### Information supplied
────────────────────────────────────────

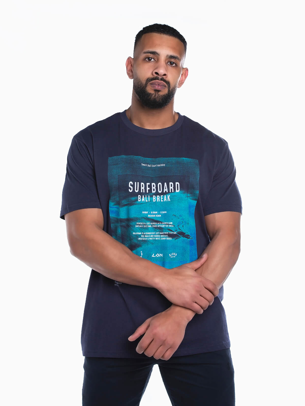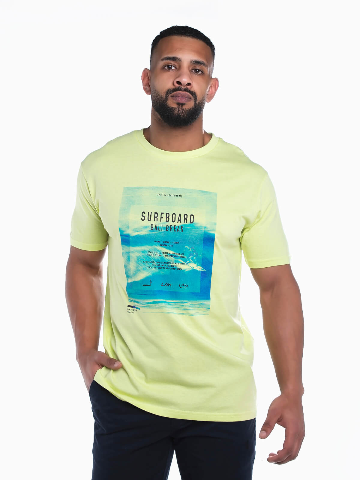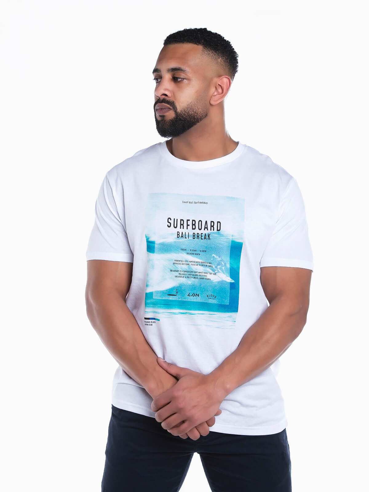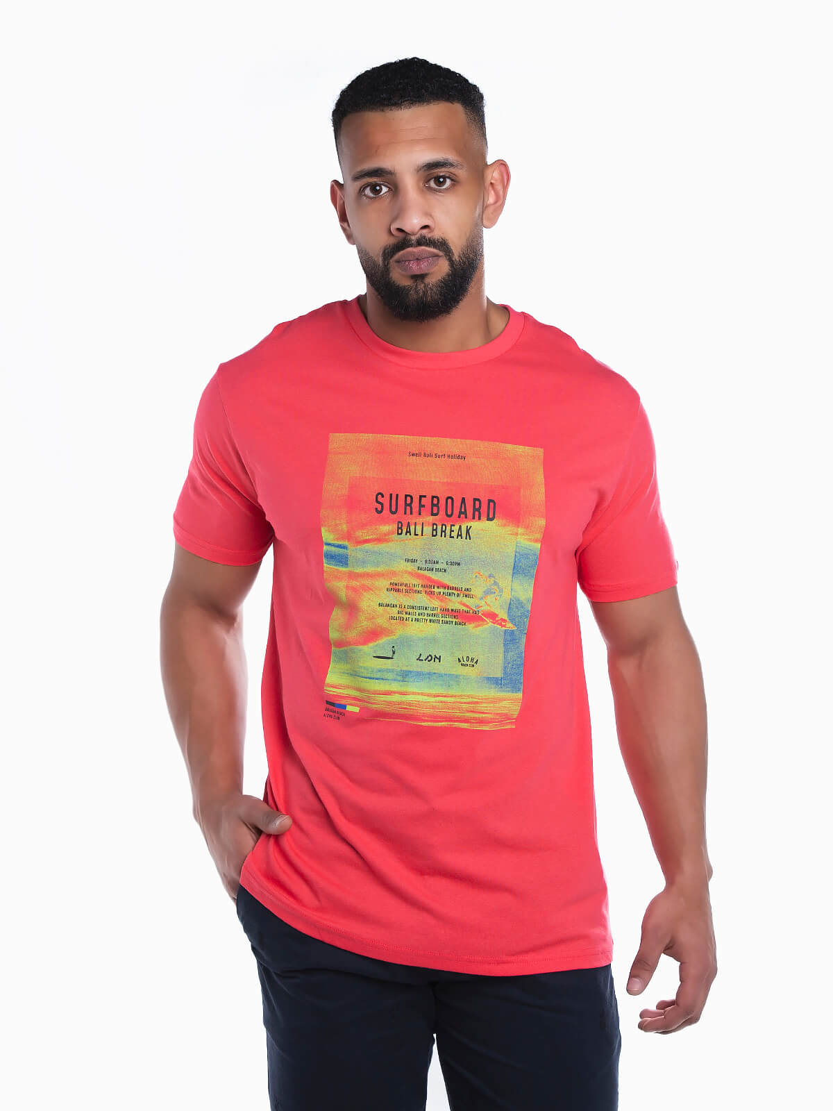 T-shirt de manga curta com estampado ‘Surfboard’ e imagem. T-shirt para homem com gola redonda.
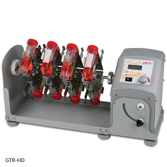 The Globe Scientific GTR-HD horizontal tube rotator provides a slow or vigorous mixing of biological samples and solutions with advanced features. Adjust the speed using the parameter adjustment knob on the front panel to your desired level of mixing. The rotator comes with a rotisserie type stainless steel 16x50mL vertical tube holders.
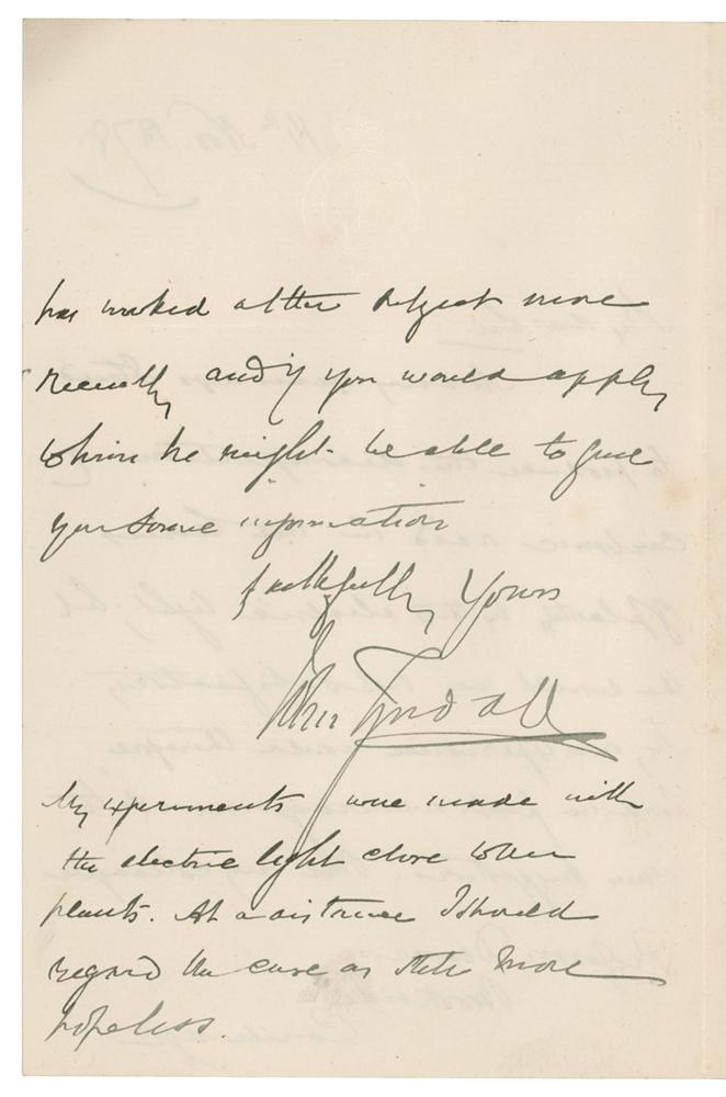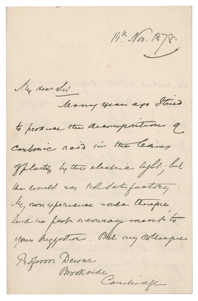 Irish physicist (1820-1893) known for his study of diamagnetism and his realms of infrared radiation and the physical properties of air. ALS, one page both sides, 4.5 x 7, November 14, 1878. Handwritten letter referencing noted physicist James Dewar, in part: "Many years ago I tried to produce the decomposition of carbonic acid in the leaves of plants by the electric light, but the result was not satisfactory? But my colleague, Professor Dewar, Brookside, Cambridge, has worked on the object more recently and if you would apply to him he might be able to give you some information." In fine condition.

────────────────────────────────────────

### Directions
If pictures appear in the data, do not print them; repeat the rest exactly.

### Response to this exercise
 T-shirt de manga curta com estampado ‘Surfboard’ e imagem. T-shirt para homem com gola redonda.
 The Globe Scientific GTR-HD horizontal tube rotator provides a slow or vigorous mixing of biological samples and solutions with advanced features. Adjust the speed using the parameter adjustment knob on the front panel to your desired level of mixing. The rotator comes with a rotisserie type stainless steel 16x50mL vertical tube holders.
 Irish physicist (1820-1893) known for his study of diamagnetism and his realms of infrared radiation and the physical properties of air. ALS, one page both sides, 4.5 x 7, November 14, 1878. Handwritten letter referencing noted physicist James Dewar, in part: "Many years ago I tried to produce the decomposition of carbonic acid in the leaves of plants by the electric light, but the result was not satisfactory? But my colleague, Professor Dewar, Brookside, Cambridge, has worked on the object more recently and if you would apply to him he might be able to give you some information." In fine condition.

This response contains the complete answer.